Our school’s goal is to improve all pre-kindergarten through grade eight students’ academic performance in mathematics by providing high quality, effective, and varied research-based instruction in order to provide all students with the skills necessary for success.
Our kindergarten through fifth grade classrooms have implemented the latest edition of the Houghton Mifflin Mathematics Program. This program contains research based lessons which focus on the daily use of best practices and differentiated instruction. Students are involved in hands-on mathematics activities, with the use of manipulatives, which engage students right from the start.
In addition, students at the primary level participate in activities in which they focus on connections between mathematics and literature. A great story can often become a springboard for teaching or reinforcing a mathematical concept. This linking of mathematics and literacy effectively enhances children's learning in all related curriculum areas.
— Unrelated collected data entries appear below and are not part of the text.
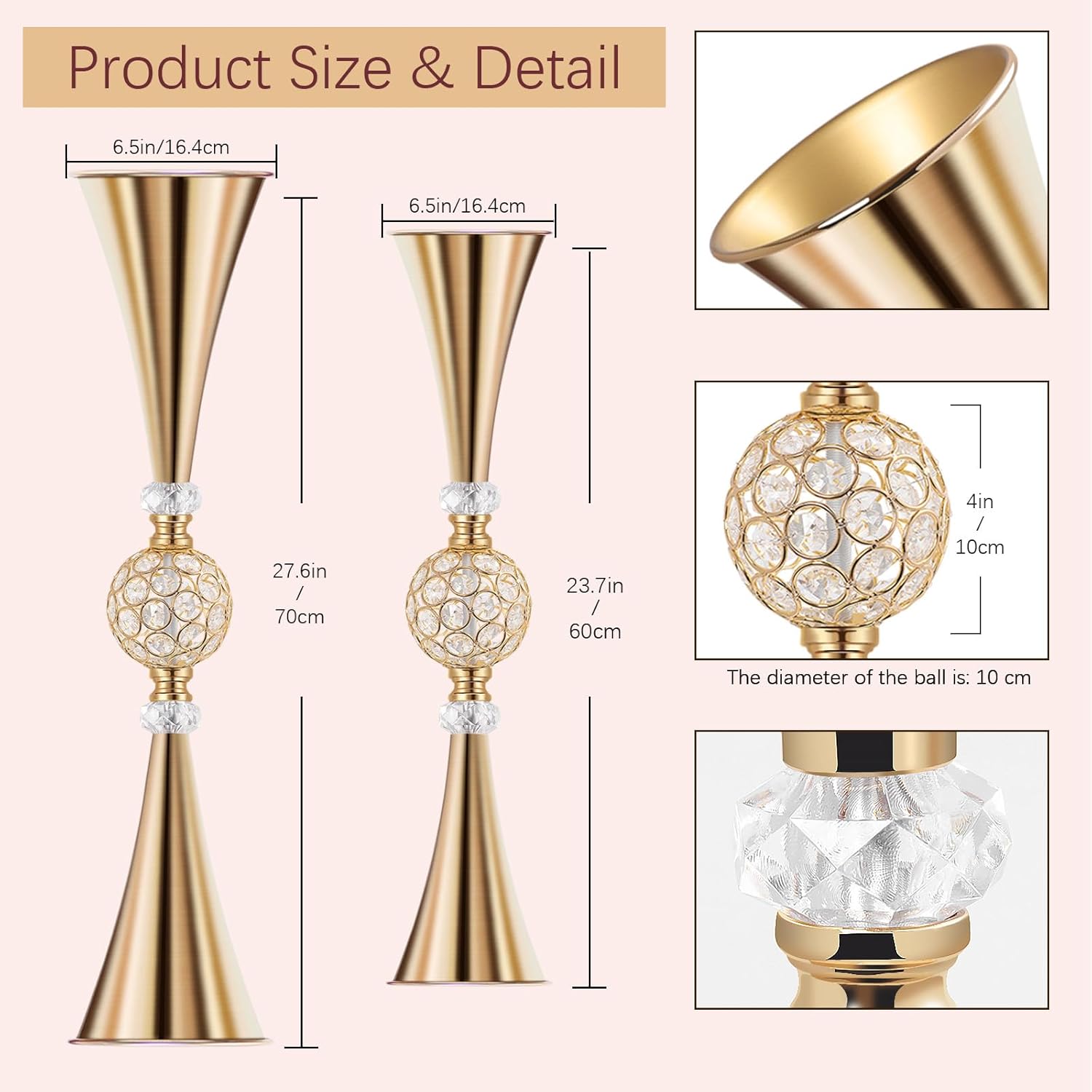- 【Dual-Size Crystal Brilliance】 Professional-Grade Sizes: Small Size - Total Height 23.7"/60cm, Top Plate Diameter 6.5"/16.4cm ; Medium Size - Total Height 27.6"/70cm, Top Plate Diameter 6.5"/16.4cm, 360° for Sweetheart Tables. Prism Effect from Sparkling Crystal Bead Ball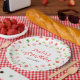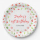 This beautiful and elegant plate features watercolor watermelon, pomegranate, strawberries, cherries and foliage. The text combines handwritten script and serif fonts for a stylish and modern look. This is perfect for a spring or summer rustic birthday party.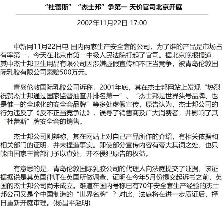 市场有了,胆子就更大了。杰士邦的宣传文案上开始出现“世界头号品牌”“唯一的全球化安全套品牌”等字眼。虽然这时候杰士邦已经着手成立杰士邦(英国)全球有限公司,并将武汉这一根据地变为杰士邦品牌在中国的总经销商。但杜蕾斯却抓住了这一宣传漏洞,以涉嫌虚假宣传与不正当竞争为由,将杰士邦告上了法庭,并索赔500万。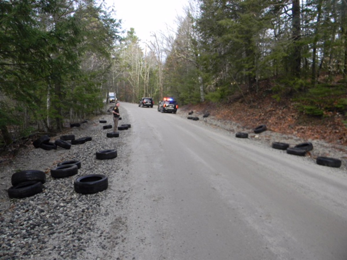 Police say the tires took up a large portion of the travel lane and are looking for the culprit.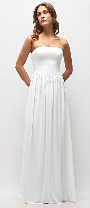 Strapless Basque Drop Waist Chiffon Maxi Dress with Shirred Skirt in white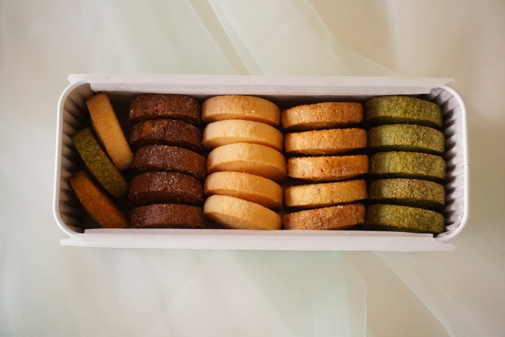 小麦粉・バター・砂糖・ピスタッチオ・アーモンド・卵・ピスタチオ・ココア・抹茶

Students in grades six through eight are currently using the Glencoe McGraw Hill Program for mathematics instruction. During the middle school years students build upon the strong mathematical number sense which has been built throughout grades K to five. At this point, our middle school students deepen their understanding of more complex mathematical concepts such as: fractions; decimals; percents; integers; and they become proficient in using them to solve problems. Students gain extensive experience with ratios, rates, and percents, which help form a solid foundation for their understanding of, and facility with, proportionality. The study of rational numbers in the middle grades builds on students’ prior knowledge of whole-number concepts and skills.